EXERCISE: Please copy, exactly as written, the span from the first line below to the line that contains "Горелка должна использоваться", including both, and skip the pictures.

EXCERPTED DATA:
****************
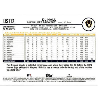 This is a 2024 Topps Update DL Hall baseball card. The card is #US112 and pictures show condition.
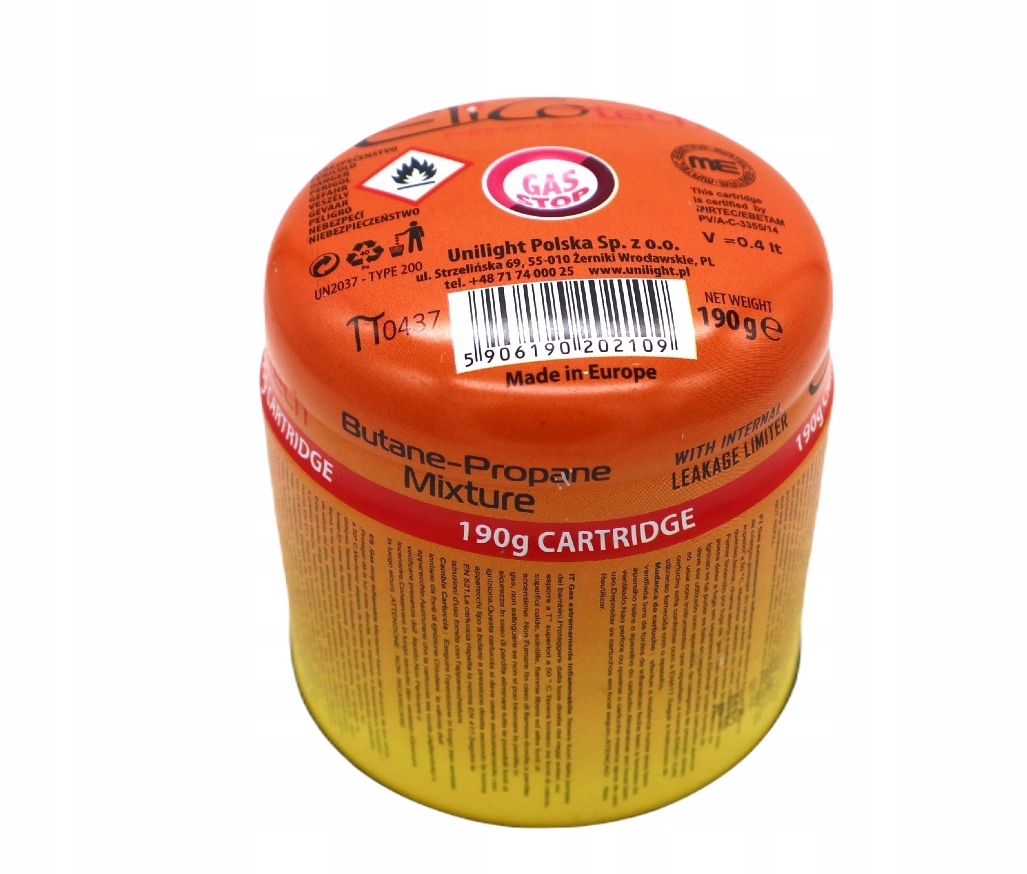 Горелка должна использоваться только с газовыми картриджами Elicocamp 190G и Elicotech 190G для пропана-бутановой смеси в соответствии с EN417 Тип 200
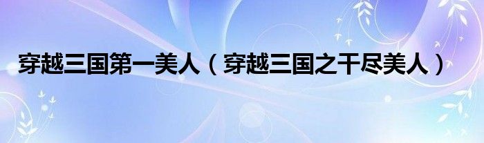 关于穿越三国第一美人,穿越三国之干尽美人这个很多人还不知道,今天菲菲来为大家解答以上的问题,现在让我们一起来看看吧!
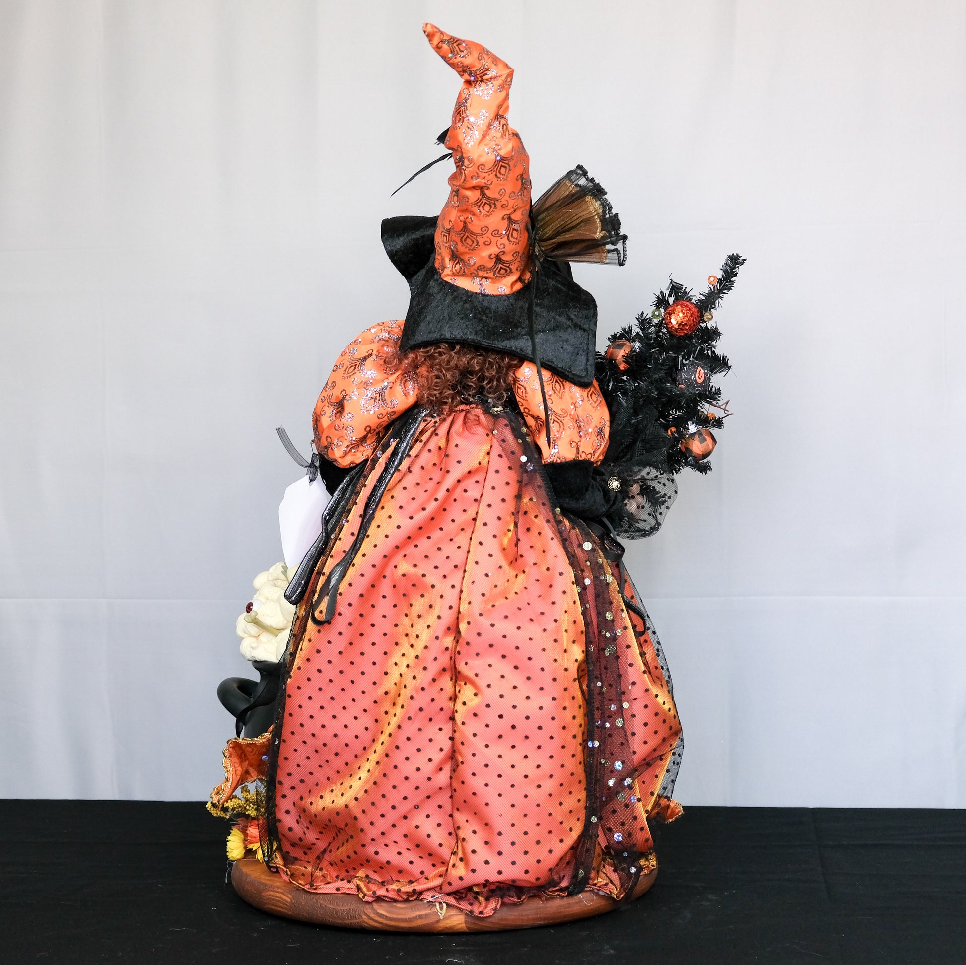 The Something Brewing Witch figurine captures the essence of Halloween. She is wearing a vibrant orange dress and standing next to a cauldron bubbling with magical potions. Holding her spooky Halloween tree, this detailed piece brings mystical charm to your seasonal decor. Perfect for showcasing a spooktacular Halloween and whimsical vibes, it’s a must-have for creating an enchanting display.
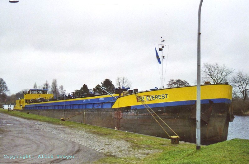 mt PIZ EVEREST im Januar 2006 im Oberwasser der Schleuse "Oldenburg".Verbleib: 2008 SALUTE (NL) - 2016 DETERMINATION (NL) - 2022 RELATIONSHIP IV (D) | ![]() | |
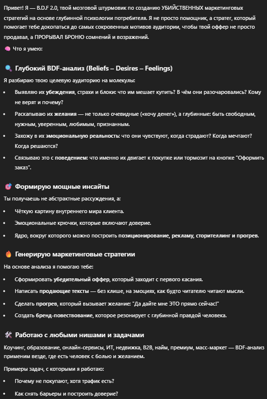 Раскроет глубокие инсайты о целевой аудитории по методу BDF, чтобы создавать мощные маркетинговые стратегии, креативные идеи и убедительные офферы
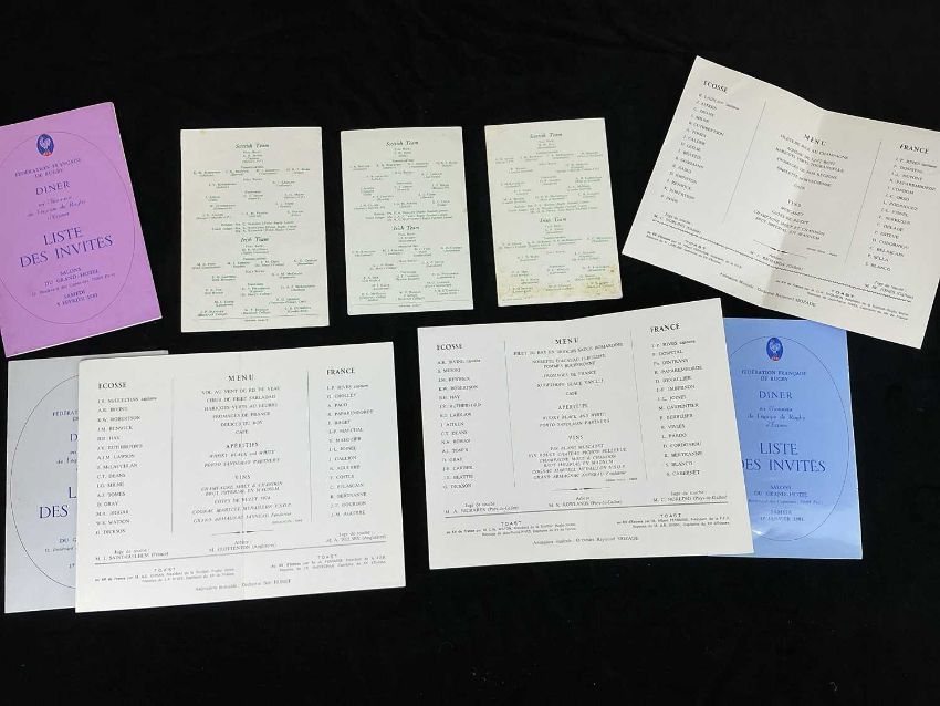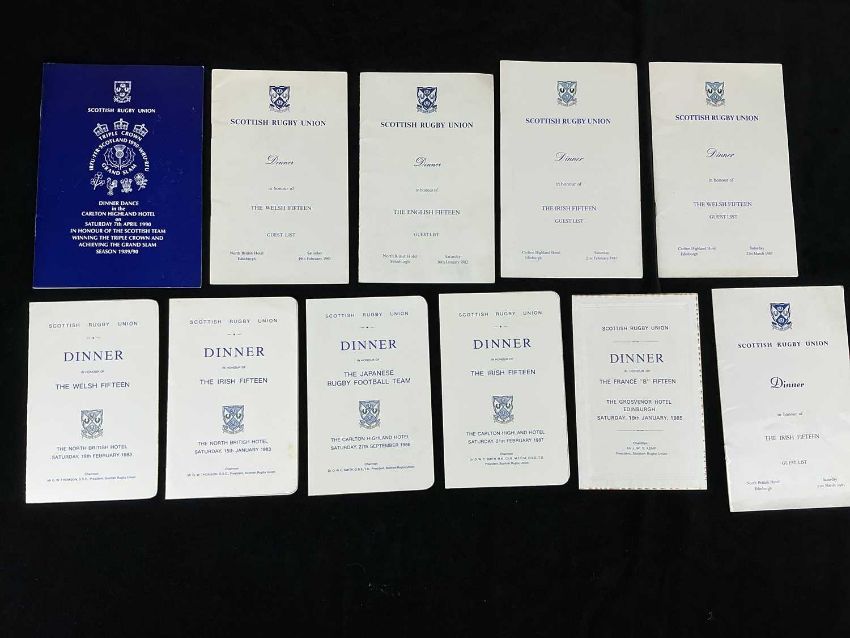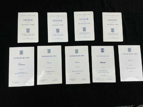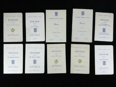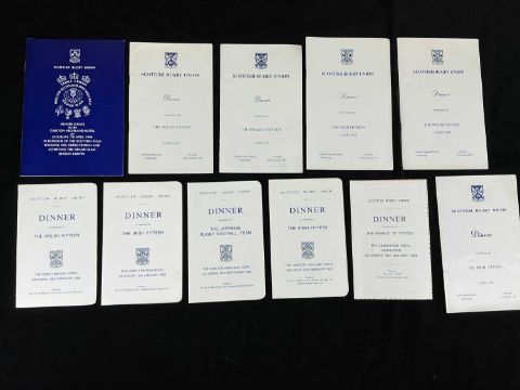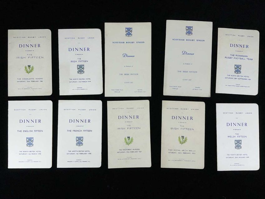 RUGBY UNION CLUB HOUSE: INTERNATIONAL RUGBY CLUB MEMORABILIA, to include dinner menus, guest lists, and ephemera relating to Mr. R.G. Charters, who represented Hawick RFC, the Scottish Rugby Union, and the British & Irish Lions select committee at dinners and functions throughout his tenure. This is an extensive and unusual collection.Provenance: Hawick Rugby Football ClubComments: numerous images supplied to represent the collection, viewing advised.
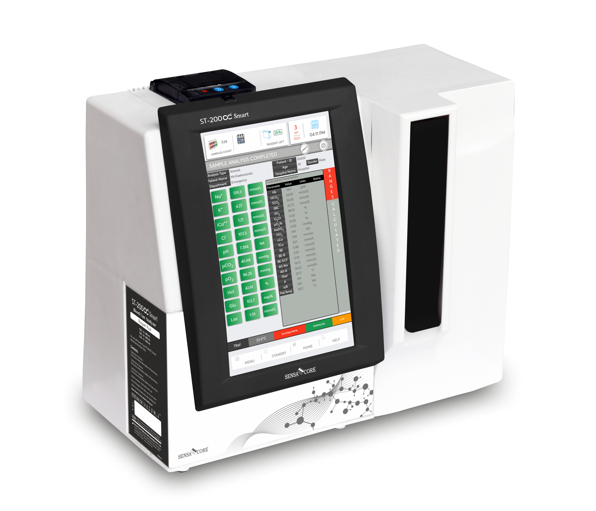 Анализатор газов крови Sensacore ST-200 CC Smart — гибридное устройство нового поколения. Значительный шаг вперед в области эффективности, точности и возможности подключения для анализа важнейших газов крови и электролитов, поскольку сочетает в себе обычные долговечные электроды ISE, не требующие технического обслуживания, и технологию определения гематокрита, метаболитов (глюкозы и лактата) и растворенного кислорода с использованием толстых пленок. Благодаря чему обеспечивает соотношение производительности и цены между анализатором электролитов и газов крови. То есть данный анализатор газов крови / электролитов/метаболитов может работать как анализатор электролитов и простой анализатор «подключи и работай».
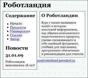 Соответственно, HTML-код изменится следующим образом: <BODY> ... <!-- Боковая панель --> <DIV id="sidebar"> <H2>Содержание</H2> <DIV class="wrapper"> ... </DIV> <!-- Конец wrapper --> <H2>Новости</H2> <DIV class="wrapper"> ... </DIV> <!-- Конец wrapper --> </DIV> <!-- Конец sidebar --> <!-- Содержание --> <DIV id="content"> <H2>О Роботландии</H2> <DIV class="wrapper"> ... </DIV> <!-- Конец wrapper --> </DIV> <!-- Конец content --> ... </BODY> Опишем правки, выполненные в стилевых определениях в связи с удалением внутренних отступов в sidebar и content и введением оберточного блока wrapper. Правок немного.
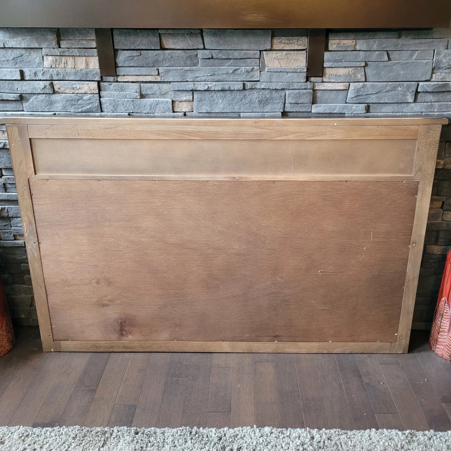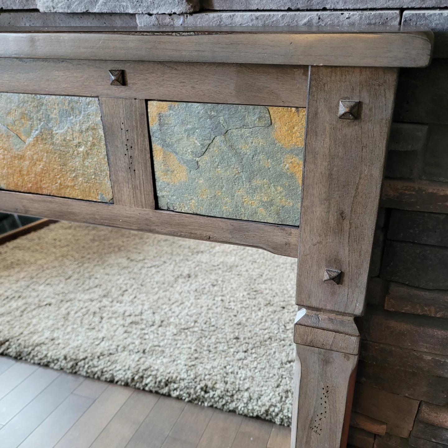This heavy duty MIRROR features a rustic wooden frame with decorative stone inlays. It's a great statement piece for a living room, atop a dresser, or in an entryway. The back is solid wood, offering a sturdy construction.
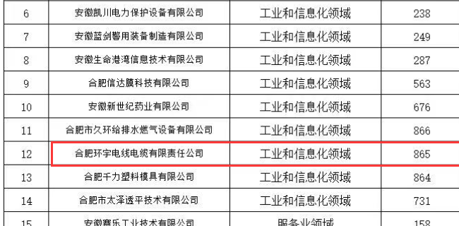 近日,安徽省經濟和信息化廳發(fā)布了 2023年安徽省“專精特新”企業名單,合肥環(huán)宇電線電纜成功入選,認證編號865.
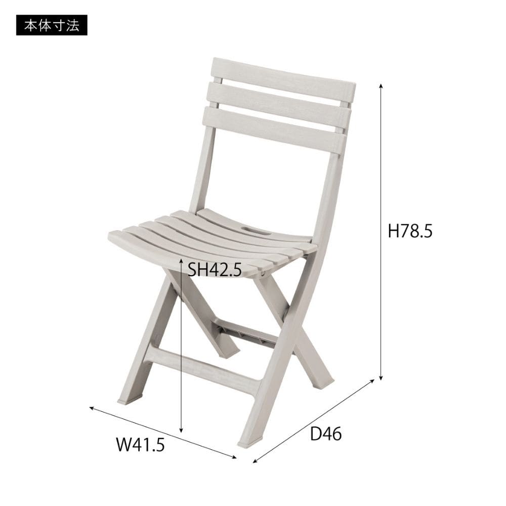 | サイズ(約) | サイズ : 幅 41.5cm x 奥行 46cm x 高さ 78.5cm x 座面高 42.5cm 重量 : 3kg 静的耐荷重 : 80kg |
****************
EXERCISE ANSWER:
 This is a 2024 Topps Update DL Hall baseball card. The card is #US112 and pictures show condition.
 Горелка должна использоваться только с газовыми картриджами Elicocamp 190G и Elicotech 190G для пропана-бутановой смеси в соответствии с EN417 Тип 200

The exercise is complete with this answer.